Kind of like what Japan does with cars and just about everything else. No ground breaking new ideas, just takes current ones and makes them better. It's one reason we still need AMD even more than we need Intel.
We need inovators to continue to push new ideas because this is the only way we progress to better ways of doing things in the long run.
One thing Intel isn't is a long view company. It's hard and risky to do as we see with the first BD build from AMD. It's a radical design that will need more work but is perfect for a CPU/GPU merge.
 
I'm not 100% sure what they're saying they did here. Was it that they're suggesting that the CPU acted as a memory manager for the GPU? I'd be surprised if performance improved through that: if it did, that's a sign of where GPU engineers need to focus development: a 20% boost improvement on the same SPs and cache just by fixing issues with memory access is a huge thing.

What it sounds more likely is that they're speaking of integrating the GPU into the CPU's pipeline, at least virtually. This is something that makes sense: it's originally something that I was hoping would be seen with Llano. Anything that could be an "embarrassingly parallel" problem would be best offloaded to the GPU. While the SSE/AVX unit on current CPUs may be fine for some math, performance would indeed be better if the CPU could simply hand it off to another unit with vastly more power.

To put it into perspective, a single modern x86 CPU core, (including any of Zambezei's EIGHT cores) using an SSE instruction, can execute a single 4-wide 32-bit floating-point math instruction; the most common one used is "multiply-add," so that counts as a grand total of 8 FP instructions per core, per cycle. (4 multiply, followed by 4 add) This makes a 4-core Sandy Bridge top out at 32 ops/cycle, or a theoretical maximum of 108.8 gigaFLOPs for a 3.4 GHz Core i7 2600K. This is comparably VERY small once you put that side-by-side with a GPU, where each SP for an nVidia GPU, or each cluster of 4 SPs on an AMD GPU, can accomplish the same math throughput per cycle as a whole core on an x86 CPU.

Now, in all honesty I actually DON'T believe that having the GPU be separate on a discrete expansion card prevents this from being done; it merely introduces a lot of latency. While this might make some use less ideal, it's still quite possible for CPU tasks to be offloaded to the GPU, if latency isn't a critical requirement. It's quite possible that future architectures will provide us with a vastly lower-latency, more-direct interface between the CPU and the GPU. After all, current integration has put the main memory controller on the CPU die, and all but eliminated the Northbridge chipset.

The more telling thing here, though, is the fact that the original x87 line, before the 80486, was actually implemented as a separate chip on the motherboard, with its own socket, and it managed to work fine there.
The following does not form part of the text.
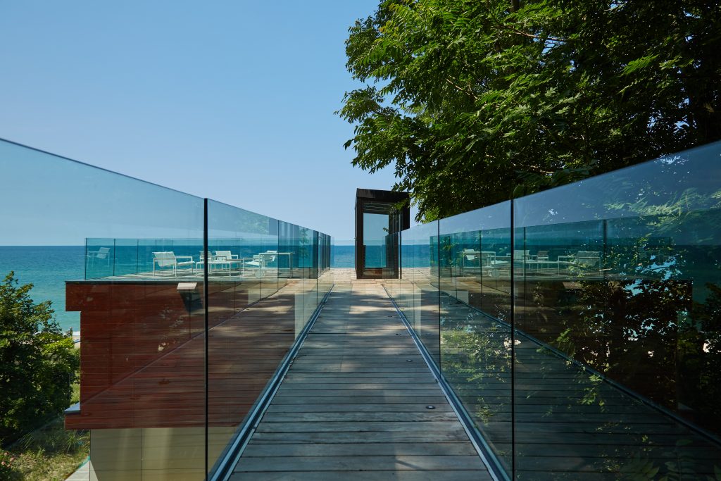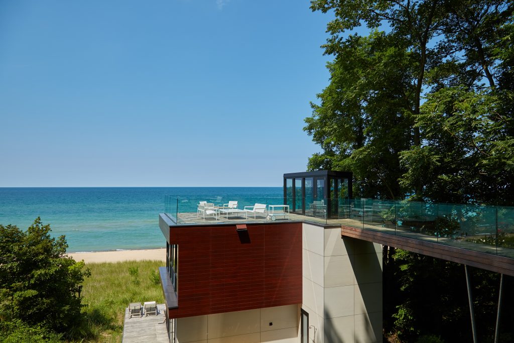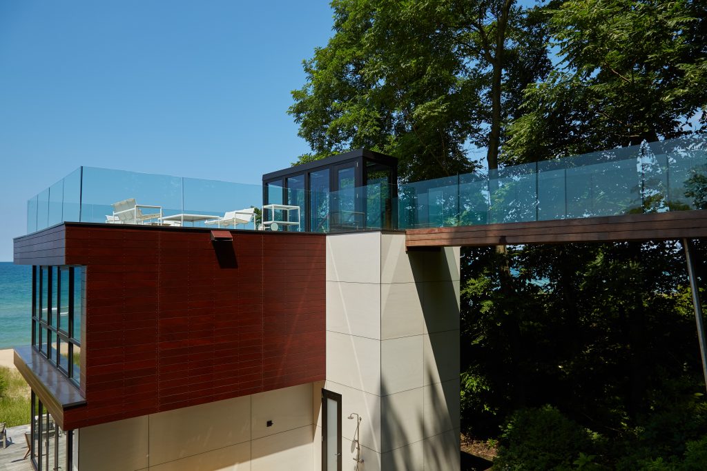 The rooftop patio offers a birds-eye view of the charming lake and beach. We knew the roof’s railing had to be able to withstand lake effect winds, provide exceptional security, and maintain excellent views all around. Glass railing checked all of these boxes. Glass railing is an excellent windbreaker, but still allows small breezes to pass through so guests can enjoy the gentle winds from Lake Michigan.

Granted, it DID simply sit on the same FSB as the CPU, but the physical distance proved to not be an issue. (similarly, cache used to be implemented on separate chips on the motherboard, which worked as well, albeit with higher latency)

[citation][nom]loomis86[/nom]You are completely missing it. This research proves separate GPUs are STUPID. RAM and BIOS will be integrated on a single die someday also.[/citation]
That would be even stupider. Need to replace the BIOS? GL, there goes the CPU as well! There's a reason that the BIOS has been separate from the dawn of the CPU. (the Intel 4001 served this purpose for Intel's 4004)

Ditto for RAM; the stuff needs to be quite variable. That, and by now the amount of silicon needed for a proper supply is huge: implementing all the same components you speak of on a single die would require a massive silicon wafer that would be MORE expensive than the current arrangement. This is because cost goes up exponentially as your die surface area goes up: not only are you getting fewer chips per wafer (due to higher surface area) but the failure rate ALSO goes up: the number of defects per wafer tends to be constant, but 8 defects on a 100-chip wafer is a mere 8% failure rate, while 3 on a 25-chip-wafer is a whopping 32%. (this is a lesson nVidia has learned the hard way again and again)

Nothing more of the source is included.